Fracturing Technique. To maximize the stimulation treatment, a technique that would maximize fracture half-length, but would attempt to limit the height growth, would be optimal for this formation. The potential for uncontrolled height growth would most likely accompany a conventional crosslinked-gel fracture treatment, so a hybrid fracturing technique or an HRWF has appeal. A hybrid fracture, in this application, refers to the use of a linear pad stage, whereas the proppant-carrier fluid is a fully crosslinked polymer gel. An HRWF refers to treatment using water and friction reducer; proppant-carrying capacity highly depends on the pumping rate and is not considered to be a significant contributor to flow conductivity.

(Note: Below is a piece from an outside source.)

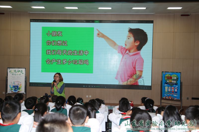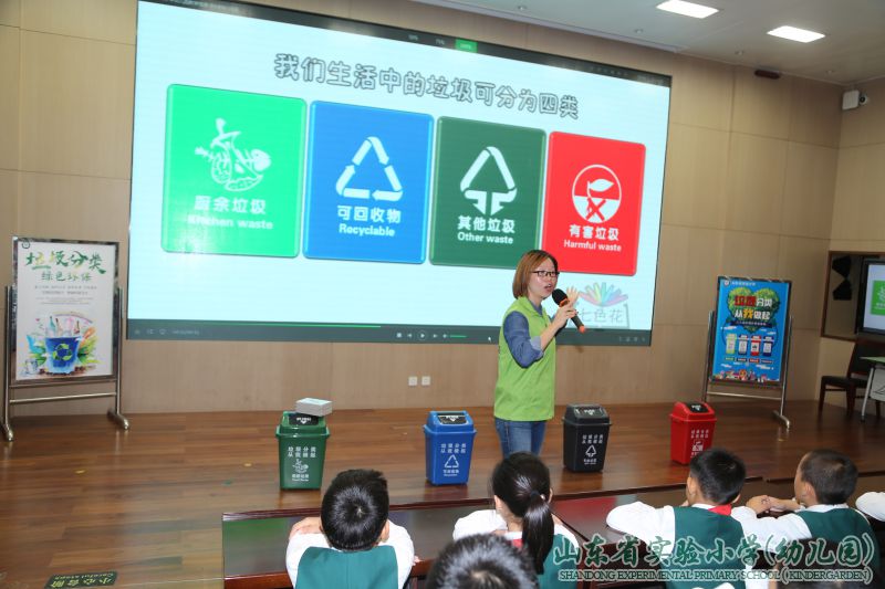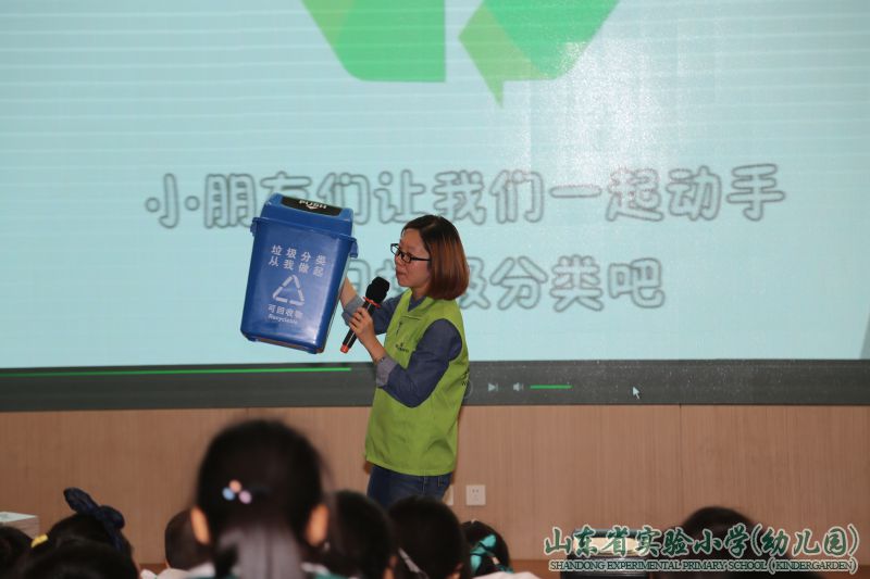 我校邀请环保志愿者陈阿姨,在多功能厅开展了“小手拉大手之垃圾分类”环保讲座,陈阿姨通过视频展示,向大家介绍我们身边的环境现状,阐明垃圾分类的重要意义,讲解垃圾的种类,及分类的垃圾回收后如何被再利用。讲座现场气氛活跃,陈阿姨时不时与同学们互动交流,同学们积极踊跃回答陈阿姨提出的问题,在交流互动的过程中,不断深入了解垃圾分类知识。

There were six fracture treatments performed along the horizontal wellbore: one using a crosslink-gel fracture (Stage 1), one using a hybrid technique (Stage 5), and the rest using HRWF technology (Stages 2 through 4 and Stage 6). From a production standpoint, the HRWFs performed significantly better than the crosslinked-gel fractures, producing 12 MMscf/D vs. 0.5 MMscf/D.
Treatment Volume. Measuring proppant volume per net pay zone could give an indication of fracture conductivity. In the KZN-FH2 horizontal well, which has the same formation properties along the majority of the horizontal wellbore, sensitivity to proppant volume can be compared between Stage 2 and Stage 3 fractures. Stage 2 was treated with 287,600 lbm of proppant, while Stage 3 received 196,600 lbm of proppant. Both were stimulated with an HRWF technique. Following a commingled-flow test, multiphase production logging showed that there was no additional production achieved by using larger proppant mass. Stage 3 did have many more clusters of natural fractures to target, as well as the interval with 50 bbl of mud lost while drilling. Furthermore, Stage 6 produced approximately the same gas rate as Stage 2 despite having zero proppant used throughout the job.
Reservoir-Access/Perforation Technique. Three different access or perforation techniques were compared in KZN-FH2: cemented fracture sleeves, explosive-jet perforating, and abrasive-jet perforating. Explosive-jet perforating demonstrated superiority to cemented fracture sleeves when Stage 1 and Stage 3 were compared. Assuming the same magnitude of tortuosity per stage, Stage 1 had a total near-wellbore (NWB) friction pressure of 2,400 psi at 36.5 bbl/min after acid-wash treatment. This compares with Stage 3, which had total NWB friction pressure of 2,200 psi at 64.5 bbl/min after shooting only four sets of perforations, demonstrating a 28-bbl/min increase in injection rate at the same NWB friction pressure.
Stage 3 and Stage 4 were intended to compare explosive-jet and abrasive-jet perforation techniques. Both of the stages used four sets of perforations. There might be a slight advantage with abrasive jetting, in that it is more likely to cut a slot or elongated oval shape instead of a hole. In any event, Stage 4 measured NWB friction pressure of 2,250 psi at 73.2 bbl/min, which is approximately the same NWB friction pressure value as Stage 3, but with a further 9-bbl/min increase in rate. Depth control was much better for Stage 4 because the nozzle was landed on a bridge plug set just below the target interval by an electric-line tractor.
This article, written by JPT Technology Editor Chris Carpenter, contains highlights of paper SPE 164008, “Adopting North American, Multistage Fracturing and Horizontal Completion Technologies Starts To Unlock the Amin Tight Gas Formation in the Sultanate of Oman,” by Robert Clark, SPE, BP, and Kevin Mullen, SPE, and Stevanus Kurniadi, Schlumberger, prepared for the 2013 SPE Middle East Unconventional Gas Conference and Exhibition, Muscat, Oman, 28–30 January. The paper has not been peer reviewed.